# Diver Sixty Five and my 6.5 inch wrist?



## NotAnotherHobby (May 14, 2016)

Hi All, first time poster here, and although I have spent the last 2 weeks reading all about the SixtyFive, for which im drooling about, I am just not sure. Im not the tallest guy at 5'7" so anything over sized on my 6.5" wrist feels very forced. Just wondering how the SixtyFive fits on smaller guys. Does it look to big? I currently have 2 other watches which are at 40mm in size but they all wear smaller. I do have a 42mm Seiko Orange diver that fits a bit large but ok as well. (Ive posted some pics so everyone can get an idea) The Sixty Five looks like it wears larger than its actual size though, maybe due to the numbers being large, is that just me? I think its really an amazing looking watch and I want to give it to myself as a 50th birthday present, and I love that it's a 50 year reissue. Talk me into it everyone, but if there are any of you who have it and feel its large please let me know as well. Thanks and so happy to be part of this obsession..


----------



## Topspin917 (Mar 17, 2012)

Trying it on at an AD, if possible, would be the best way to know how it looks. At 40mm in diameter and 48mm lug to lug it seems to be very wearable for a range of wrist sizes. I can't imagine it would wear any "bigger" than any of the watches in your pictures. I don't own one so I'm just stating my opinion, but some owners with wrist sizes similar to yours might weigh in with their actual experience.


----------



## BrentYYC (Feb 2, 2012)

It will look perfect on your wrist because it's medium sized and it's quite thin. Because it's a faithful vintage design, it doesn't have the bulkiness of contemporary divers and doesn't feel large in the least.


----------



## ChronoSage (Mar 18, 2016)

The 65 is very comparable in size and ratio with classic submariner (not the new maxi case ones). It is true to its 40mm diameter. I once had it in my hand and did a side to side comparison with my ceramic GMT-II, and it looked less bulky and quite a bit thinner because a large portion of its thickness goes to the super domed crystal. The diameter of the crystal on the 65 might be a touch larger than the sub/GMT, perhaps by 1-2mm. But the overall perceived size of both watches is very, very similar.


----------



## pay2play (May 16, 2016)

What a coincidence I'm also 5'7" and have 6.5" wrist. I went to AD today and tried it on it fits pecfectly on my wrist and I absolutely love it! 

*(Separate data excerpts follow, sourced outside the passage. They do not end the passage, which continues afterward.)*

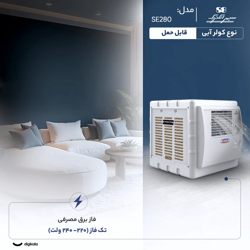کولر آبی SE280 از برند معتبر سپهر الکتریک با توان مصرفی 1.8 اسب بخار، برای فضاهایی تا حدود ۴۰ متر مربع طراحی شده است. این کولرآبی جمع و جور در مقایسه با قیمت کولر آبی برندهای دیگر، با موتور الکتروژن درجه یک ایرانی کار می‌کند و دارای راندمان خنک‌کنندگی بالا و مصرف برق بسیار پایین‌تری نسبت به کولرهای گازی است.
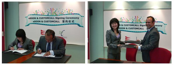 2007年5月16日,億迅中國軟件有限公司北京分公司的會(huì)議室里花團(tuán)錦簇,eSOON與Customcall公司的簽約儀式在和諧融洽的氣氛中進(jìn)行。雙方先對(duì)未來的合作發(fā)展進(jìn)行了討論,10點(diǎn)58分,億迅公司CEO李冰影女士與澳洲Customcall
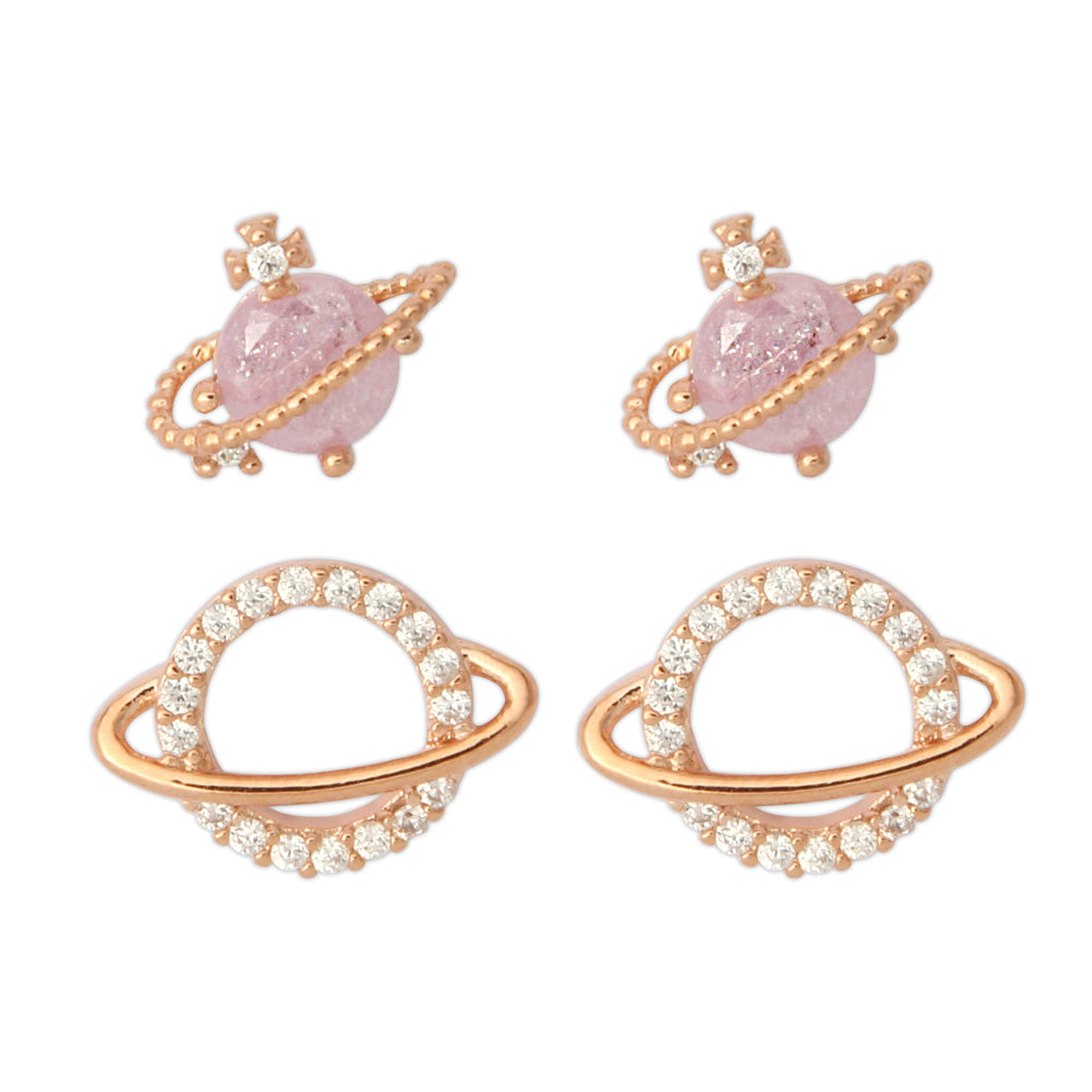 2 Set Planet Earrings Plated Brass Studs 2 Pairs Earrings
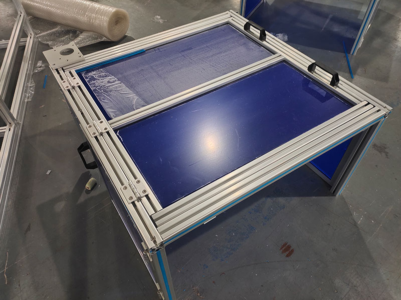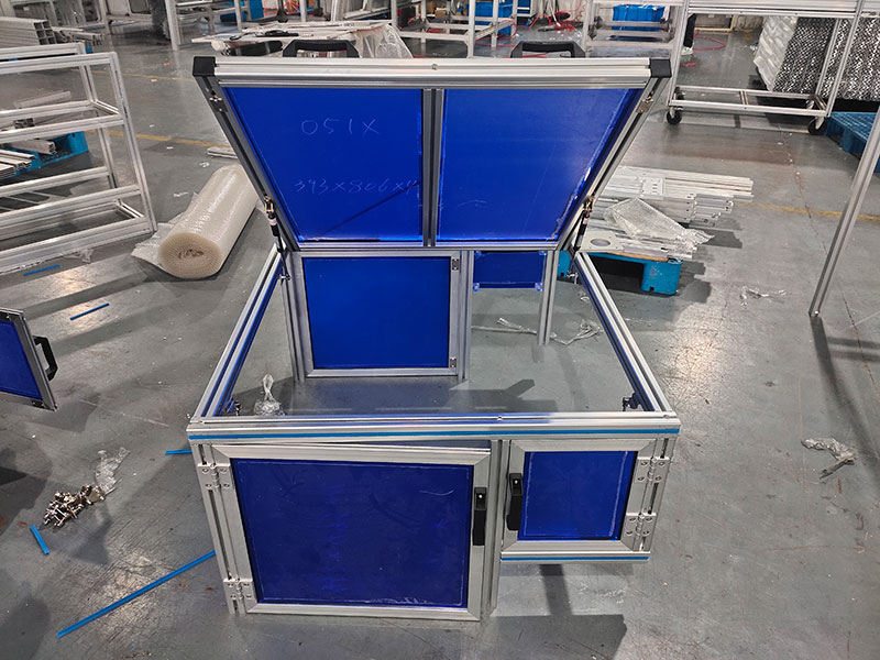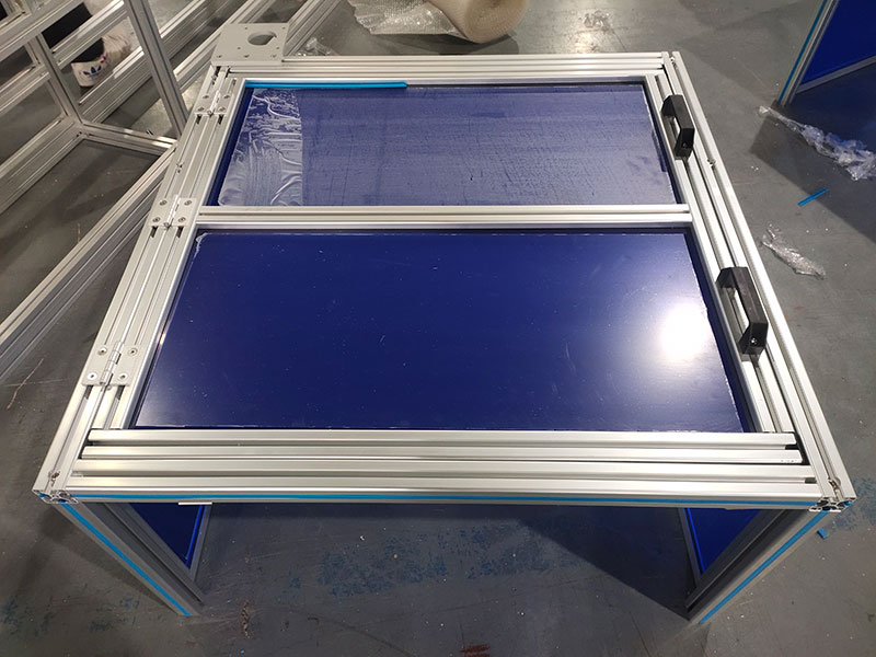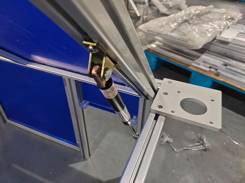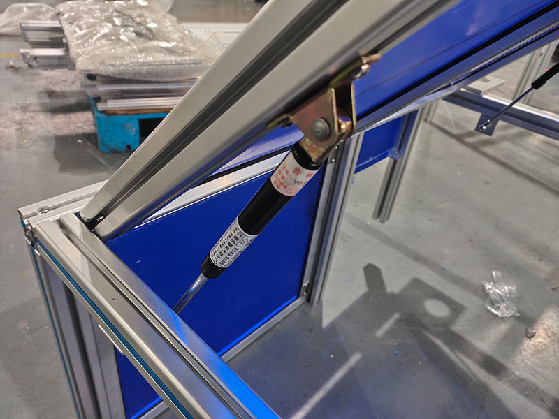 這個(gè)鋁型材設(shè)備防護(hù)罩頂部蓋板可以打開一個(gè)角度并固定住,也可以輕輕蓋上。實(shí)現(xiàn)這一功能的是蓋板上安裝的氣彈簧。氣彈簧又被稱為支撐桿、氣支撐、調(diào)角器、氣壓棒、阻尼器等,是一種可以實(shí)現(xiàn)支撐、緩沖、制動(dòng)、高度及角度調(diào)節(jié)等功能的零件,在工程機(jī)械中,主要應(yīng)用于罩蓋、門等部位。

I'll try to post a pic soon.


----------



## pay2play (May 16, 2016)

I can't post a pic so I'll pm you instead but will come back here again to post pic when I can


----------



## pay2play (May 16, 2016)




----------



## yankeexpress (Apr 7, 2013)

It is a 40mm watch, perfect for normal wrists.


----------



## ChronoSage (Mar 18, 2016)

pay2play said:


>


 Perhaps a picture taken a bit further away from the wrist will give the OP a more correct idea regarding the size of the watch. Taken too closely will make the watch look stupidly large.


----------



## pay2play (May 16, 2016)

ChronoSage said:


> Perhaps a picture taken a bit further away from the wrist will give the OP a more correct idea regarding the size of the watch. Taken too closely will make the watch look stupidly large.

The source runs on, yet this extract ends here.